Items from a dataset:
■ ■ ■ ■ ■ ■ ■

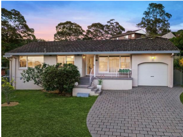
Subject site, looking North West
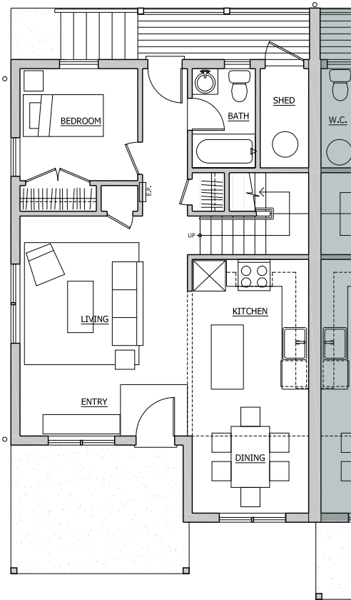
FIRST FLOOR PLAN 745 FT 2
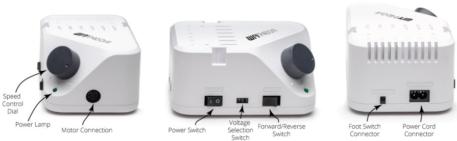
Fig. 3—The WPI P40 Drill components are labeled.

Speed Control Dial – Variable speed control dial lets you choose from 0-40,000 RPM.
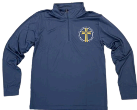
Youth & Adult Sizes
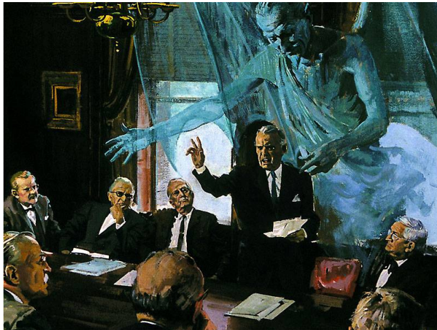
Satan's minions influence this world's governments and corporations

So here we clearly have a fallen host of heaven which has control over the non-Israelitish (gentile) nations of which there are 70. So there must be 70 Princes or bull demons (recall that a bull represents a prince or nation).
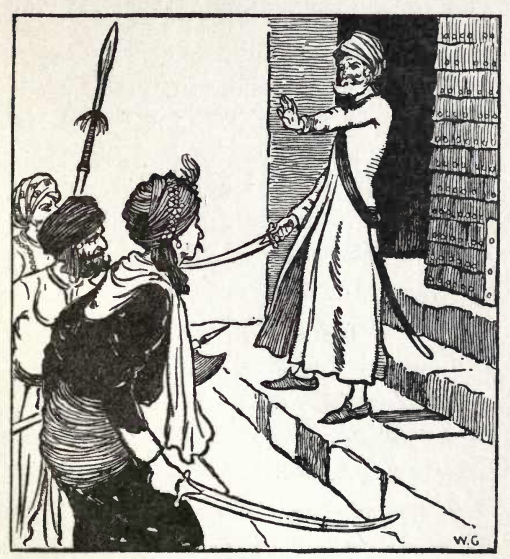
"Nay-not while he is my guest"

fect host: his horse stood beside him ready for a journey.
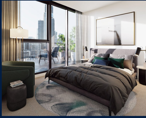
Roden: 3 - Bedroom
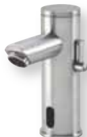
DB 250/275 page 241
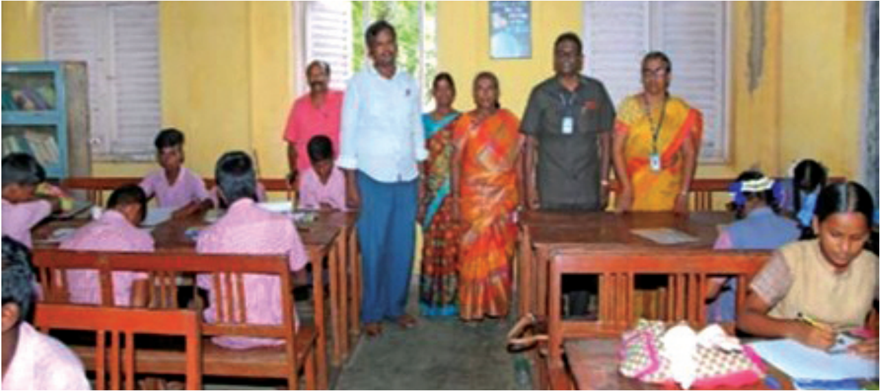
Children's Day Competition for the Girls Students
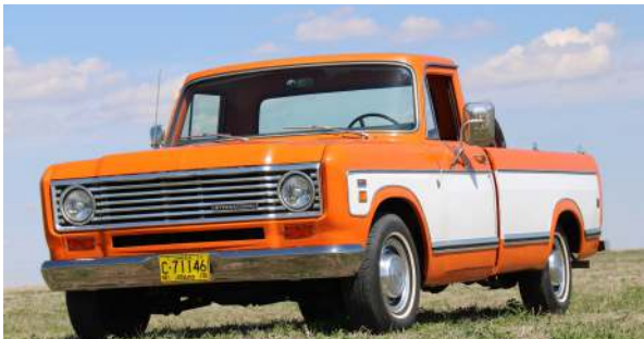
1975 D-150 1/2 Ton
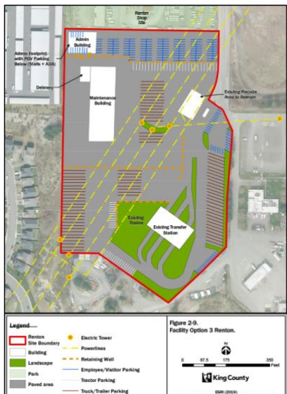
Click image for full-sized image.

Solid waste may be an issue that is quickly out of sight and out of mind for many of us after we empty the garbage or wheel our trash containers to the curb. But we're thinking about it a lot in Renton and expressing concerns over a possible King County Solid Waste Division decision to locate a support facilities center here in Renton. I hope you'll give this some thought too and be prepared to make your voice heard—especially if you live, work, or go to school in the Highlands Area.
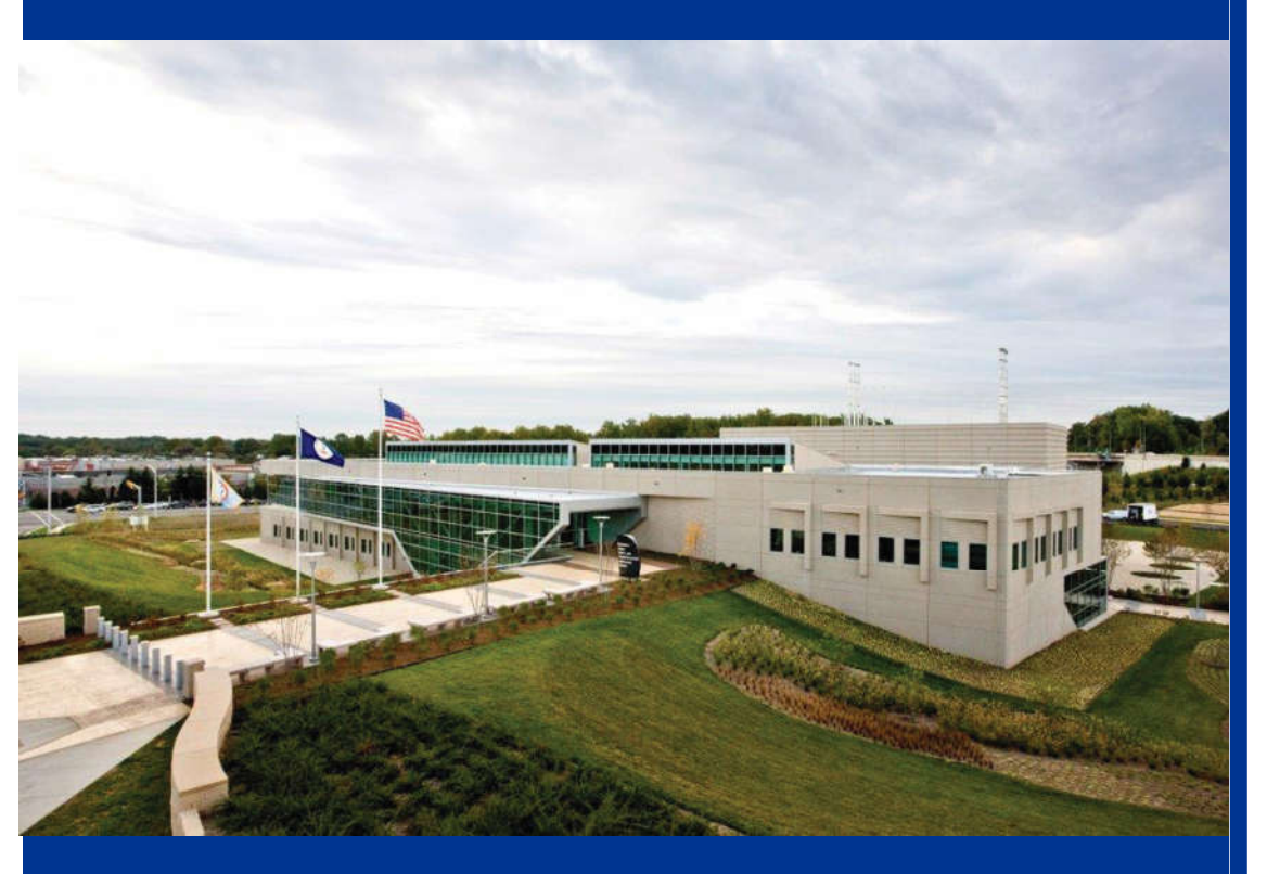
McConnell Public Safety and Transportation and Operations Center
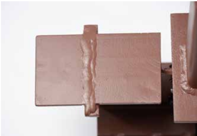
▲ SSS: Weld backing bar in place and non-uniform welds.
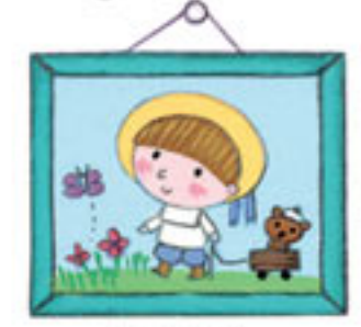
图片 tú piàn picture
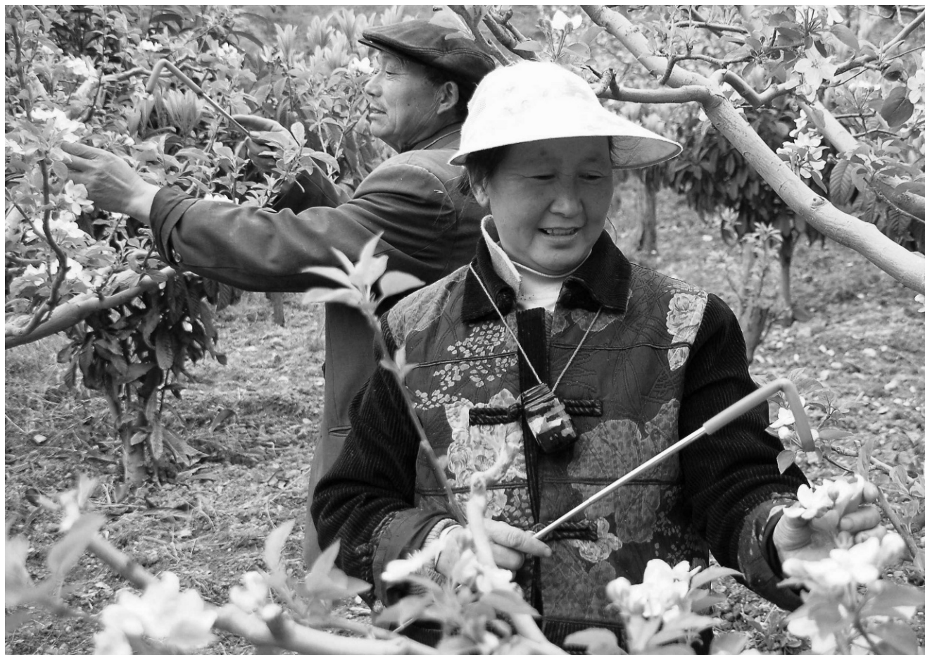
FIGURE 2 Farmers pollinating apple flowers in Feng Mao village.

chosen for gathering folk observations about the scale and pace of changes in agricultural systems and climate. A few beekeepers in the valley were also interviewed to understand access to beekeeping as a tool for managing fruit pollination in the valley and whether farmers are now using it. Secondary data on population, agriculture, average land holdings, and meteorology were accessed from literature and government sources.
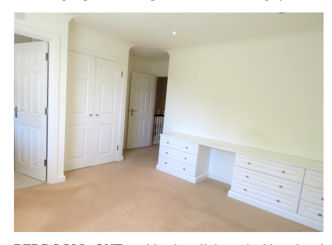
BEDROOM ONE : with downlights, double glazed window, radiator, large built in wardrobe, coved ceiling, fitted dresser unit with extensive drawers and surface.

LANDING with coved ceiling, downlights, loft access and airing cupboard with pressure water heating system.
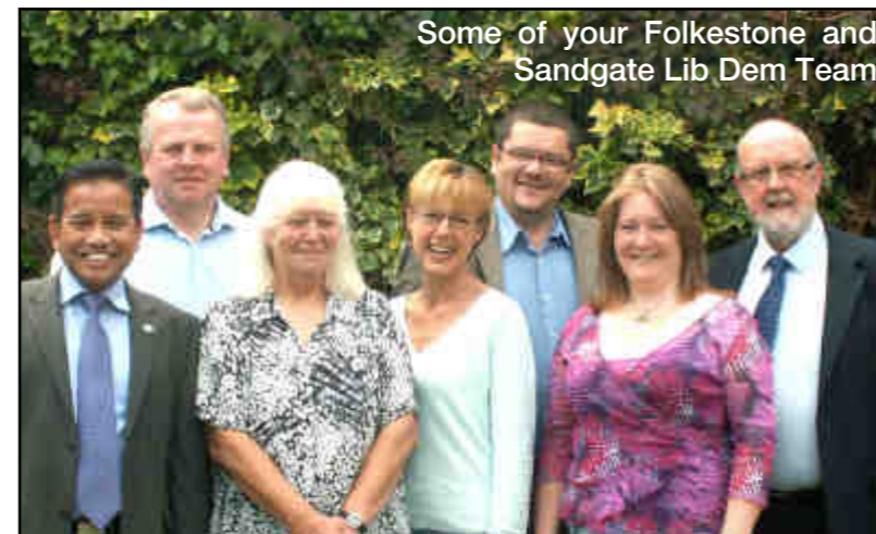
Some of your Folkestone and Sandgate Lib Dem Team

If you want to help the Lib Dems change Britain, why not get involved today.
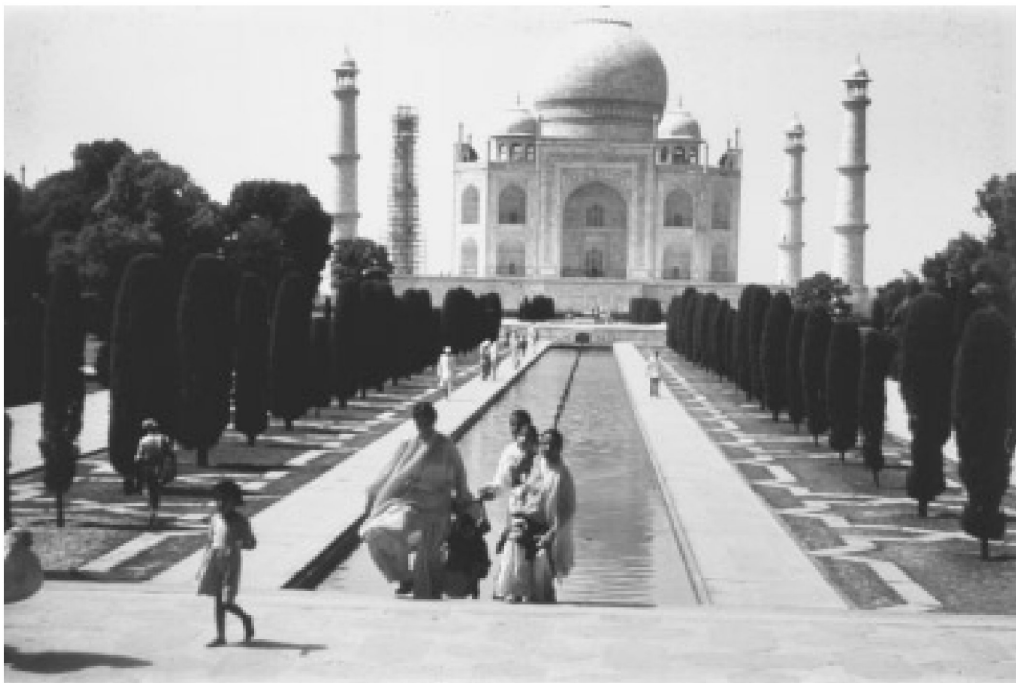
India's beautiful Taj Mahal, one of the architectural wonders of the world. "The nation-state," said LaRouche, "is the chief cause for the improvement of the condition of humanity, to the extent that it has happened, over the past 600 years."

of the international monetary-financial system are being reorganized.
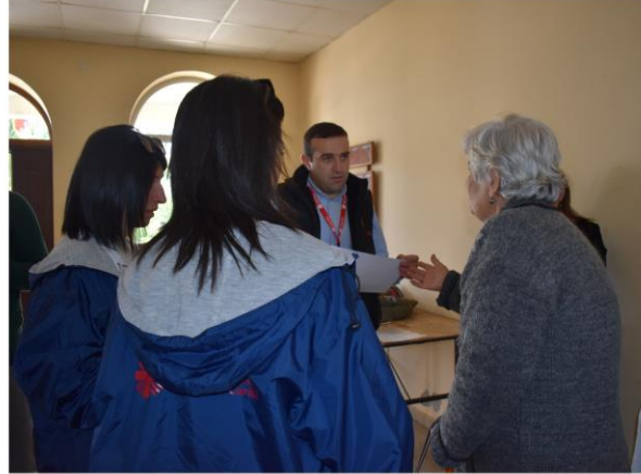
Figure 3 Psycho-social work with the displaced people by AC staff members
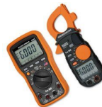
Test & Measurement

■ ■ ■ ■ ■ ■ ■

YOUR OBJECTIVE |
The copy must begin at the line containing "of the international" and end at the last line of the data above, with every line retyped exactly and no pictures included.

ANSWER |
of the international monetary-financial system are being reorganized.
Figure 3 Psycho-social work with the displaced people by AC staff members
Test & Measurement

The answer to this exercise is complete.